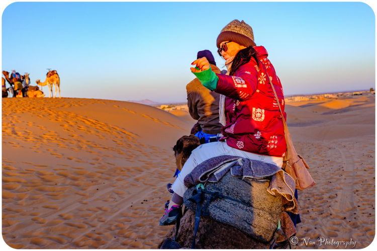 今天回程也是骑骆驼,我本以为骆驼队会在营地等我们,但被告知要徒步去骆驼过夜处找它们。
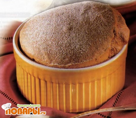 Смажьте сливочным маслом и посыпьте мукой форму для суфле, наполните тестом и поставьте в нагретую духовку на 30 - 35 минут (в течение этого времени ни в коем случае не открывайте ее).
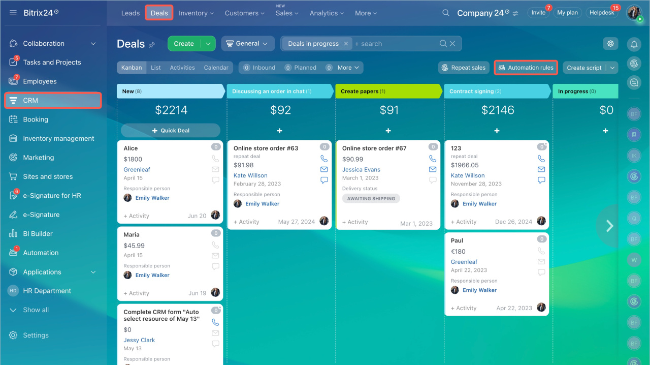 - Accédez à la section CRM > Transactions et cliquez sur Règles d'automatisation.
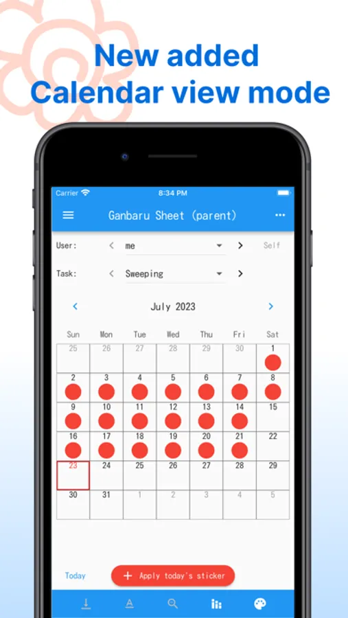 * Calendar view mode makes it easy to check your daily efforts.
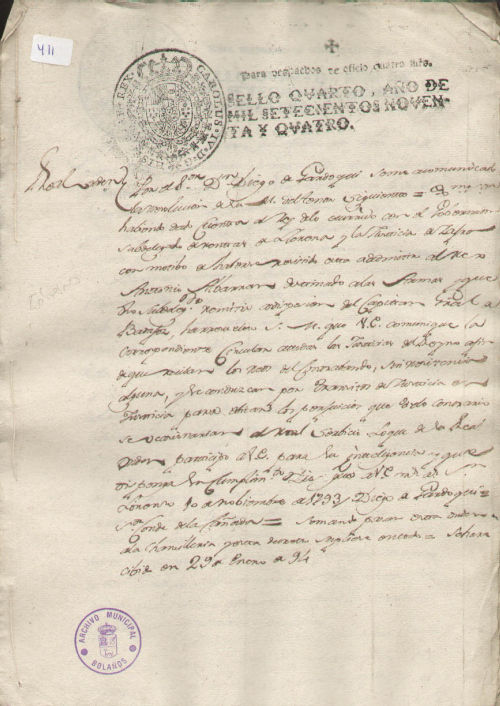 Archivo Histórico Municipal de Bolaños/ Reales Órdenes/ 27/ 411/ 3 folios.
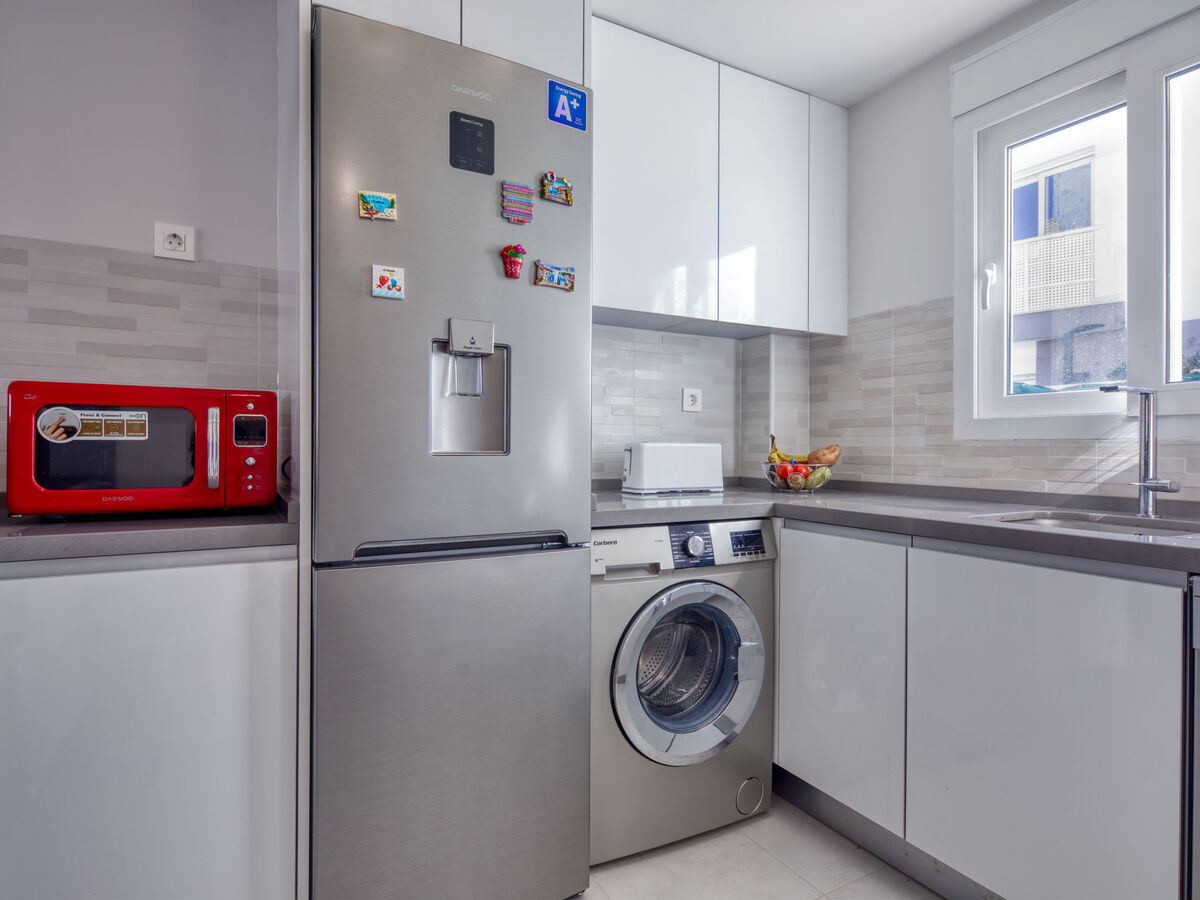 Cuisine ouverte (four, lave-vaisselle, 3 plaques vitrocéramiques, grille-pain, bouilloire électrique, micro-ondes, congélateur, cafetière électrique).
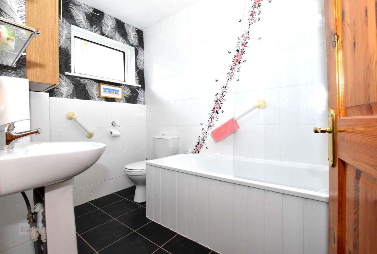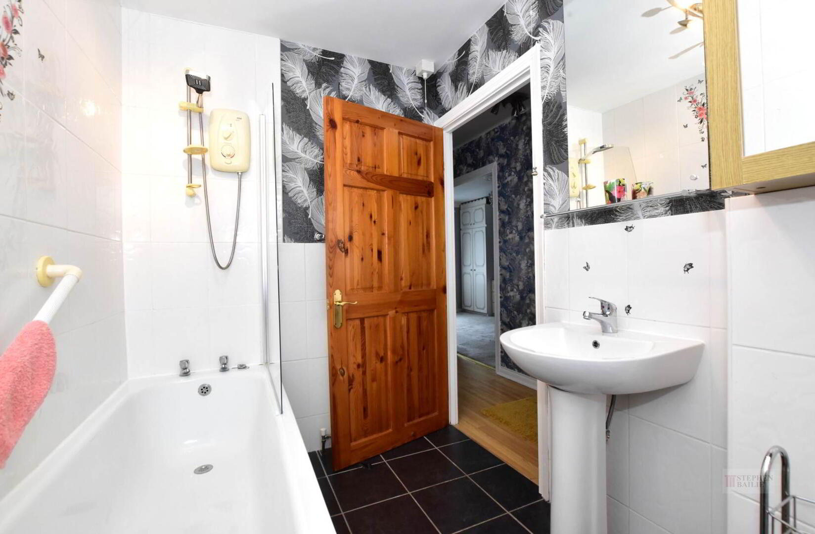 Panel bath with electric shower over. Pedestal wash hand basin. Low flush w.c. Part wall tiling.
-.-.-
Leave out the pictures, and please output only the lines from the line that contains "Cuisine ouverte (four, lave-vaisselle, 3" through the end of the data, both ends included.

 Cuisine ouverte (four, lave-vaisselle, 3 plaques vitrocéramiques, grille-pain, bouilloire électrique, micro-ondes, congélateur, cafetière électrique).
 Panel bath with electric shower over. Pedestal wash hand basin. Low flush w.c. Part wall tiling.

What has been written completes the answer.